Vitek J J, Roubin G S, Al-Mubarek N, New G, Iyer S S
New York Heart and Vascular Institute at Lenox Hill Hospital, New York, USA.
AJNR Am J Neuroradiol. 2000 Oct;21(9):1736-43.
Carotid endarterectomy (CEA) is one of the most frequently performed operations in the United States. To offer patients a less invasive means to achieve the same goal, carotid artery stenting (CAS) is investigated as an alternative treatment to CEA.
Three hundred ninety patients underwent CAS, with 451 vessels treated. CAS was performed using a coaxial system with a 7F 90-cm sheath for predilation, stent placement, and stent dilation. Pretreatment antiplatelet therapy was administered. We currently practice same-day admissions and 23-hour discharges.
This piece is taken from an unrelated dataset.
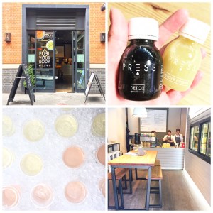 I actually wanted to try the Chia Bowl, but they run out of it unfortunately. So I went for an Acai Bowl. I love acai! I also saw they had a Golden Latte and I thought it was like a turmeric latte. So I ordered that one too, but it turned out to be coffee. Silly me, because it was clearly listed under ‘coffees’. The acai bowl was super nice. It had some lovely toppings too: blueberries, goji berries, granola and almonds. It was very cold, so definitely very perfect for a hot day. The taste was very good, with a great acai flavour. The colour was define really, a beautiful soft purple! I couldn’t drink the coffee, because I really really don’t like coffee. I also didn’t want to give it back, because I didn’t want them to throw it away. I gave it to the lady behind the till in the shop I went for my brother later on. She was so happy and that gave me a good feeling, so not a waste. Press gave me 3 things to try too. One of them was a pineapple juice, to boost your immune system and to hydrate. I found out there is honey in there unfortunately, so I can’t review this. I gave it to the girl sitting next to me at the moment (I’m giving lots of things away today!). They also gave me 2 shots: Detox and Ginger Fireball. The detox shot is with coconut water, lime, ginger, aloe vera activated charcoal (super hot at the moment!) and milk thistle. I’m very excited about this one, it’s very nice! The ginger fireball one contains ginger (50%!!), pineapple and lime. It’s burning good!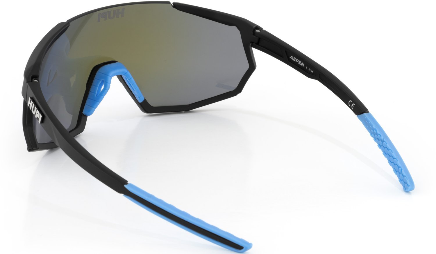 A linha de óculos de sol HUPI Aspen, com armação preta e lentes douradas, foi cuidadosamente projetada para atender às demandas de ciclistas e corredores, combinando estilo moderno com funcionalidade.

The technical success rate was 98%. The 30-day mortality/morbidity rates were as follows: death, 1.7% (two [0.5%] neurologic and five [1.2%] systemic] major strokes, 0.9% (two of four were related to the intervention); minor strokes, 5.5%. Among 25 patients who suffered minor strokes, 14 achieved complete recovery. On an annual basis, the incidence of minor stroke declined from 6.8% (1994-1995), to 5.8% (1995-1996), 5.3% (1996-1997), and then 4% (1997-1998), with no major strokes or neurologic deaths occurring during the 1997 to 1998 period.
CAS is an effective treatment for carotid stenosis. With proper selection of patients and meticulous technique, complication rates compare favorably with those of CEA.
颈动脉内膜切除术(CEA)是美国最常开展的手术之一。为给患者提供一种侵入性较小但能达到相同目的的方法,人们对颈动脉支架置入术(CAS)作为CEA的替代治疗方法进行了研究。
390例患者接受了CAS治疗,共治疗451条血管。使用带有7F 90厘米鞘管的同轴系统进行预扩张、支架置入和支架扩张来实施CAS。术前给予抗血小板治疗。我们目前实行当日入院和23小时出院。
技术成功率为98%。30天死亡率/发病率如下:死亡1.7%(2例[0.5%]为神经系统和5例[1.2%]为全身性严重卒中,0.9%(4例中有2例与干预相关);轻度卒中5.5%。在25例发生轻度卒中的患者中,14例完全康复。每年轻度卒中的发生率从1994 - 1995年的6.8%降至1995 - 1996年的5.8%、1996 - 1997年的5.3%,然后在1997 - 1998年降至4%,在1997至1998年期间未发生严重卒中或神经系统死亡。
CAS是治疗颈动脉狭窄的有效方法。通过恰当选择患者并采用精细技术,其并发症发生率与CEA相比具有优势。